I have the following dataframe:我有以下 dataframe:
>>> d = {'route1': ['a', 'b'], 'route2': ['c', 'd'], 'val1': [1,2]}
>>> df = pd.DataFrame(data=d)
>>> df
route1 route2 val1
0 a c 1
1 b d 2
What I am trying to do is to pass a list that contains some column names and print the row value associated with that columns:我要做的是传递一个包含一些列名的列表并打印与这些列关联的行值:
>>> def row_eval(row, list):
>>> print(row.loc[list])
In the dataframe above, I first find all the columns that contains the name "route" and then apply the row_val func to each row.在上面的 dataframe 中,我首先找到所有包含名称“路由”的列,然后将 row_val 函数应用于每一行。 However I get the following err:
但是我得到以下错误:
>>> route_cols = [col for col in df.columns if 'route' in col]
>>> route_cols
['route1', 'route2']
>>> df.apply(lambda row: row_eval(row, route_cols)

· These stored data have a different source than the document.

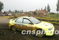 2003年中國(guó)汽車?yán)愰L(zhǎng)春站比賽經(jīng)過(guò)兩天的激烈爭(zhēng)奪17日全部結(jié)束,來(lái)自北京慶洋車隊(duì)的任志國(guó)(右)、和領(lǐng)行員潘劍獲得N2組比賽冠軍。中新社記者:趙振清
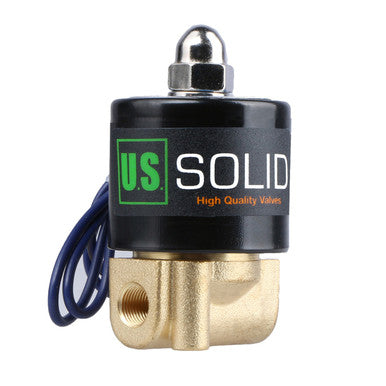 U.S. Solid normally closed (N/C) electric solenoid valve is constructed with a durable brass body, two-way inlet and outlet ports with one-quarter inch (1/8") female threaded (G) connections, and heat and oil resistant NBR seals. Suitable for use with hot or cold water, gas, air, very low viscosity fluids (< 20 cst), oils and hydrocarbons, e.g., gasoline, kerosene, or diesel fuel. Suitable for outdoor use. Not for use underwater. Customers chose this general purpose valve for: do-it-yourself projects, moderate temperature applications, water exchange for aquarium, air horn, or bleeding moisture from an air tank.
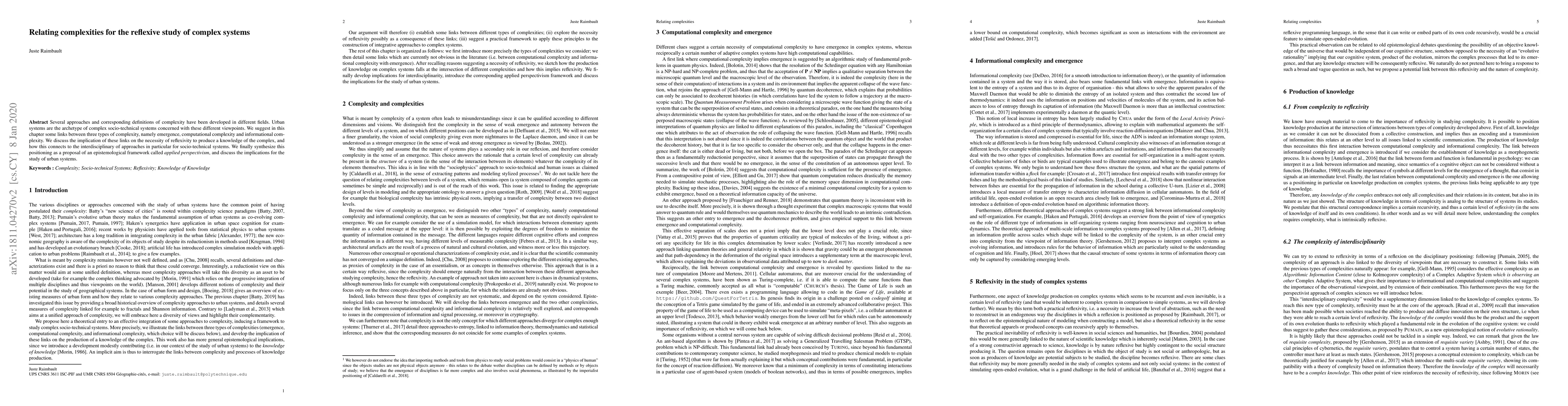 This paper explores connections between emergence, computational complexity, and informational complexity in the study of urban socio-technical systems, advocating for reflexivity in understanding complexity. It proposes an epistemological framework called applied perspectivism to guide interdisciplinary research on urban systems.

KeyError: "None of [Index(['route1', 'route2'], dtype='object')] are in the [index]"
Result should look like this:结果应如下所示:
route1 a
route2 c
route1 b
route2 d
Add axis=1
to the apply function:将
axis=1
添加到apply function:
df.apply(lambda row: row_eval(row, route_cols), axis=1)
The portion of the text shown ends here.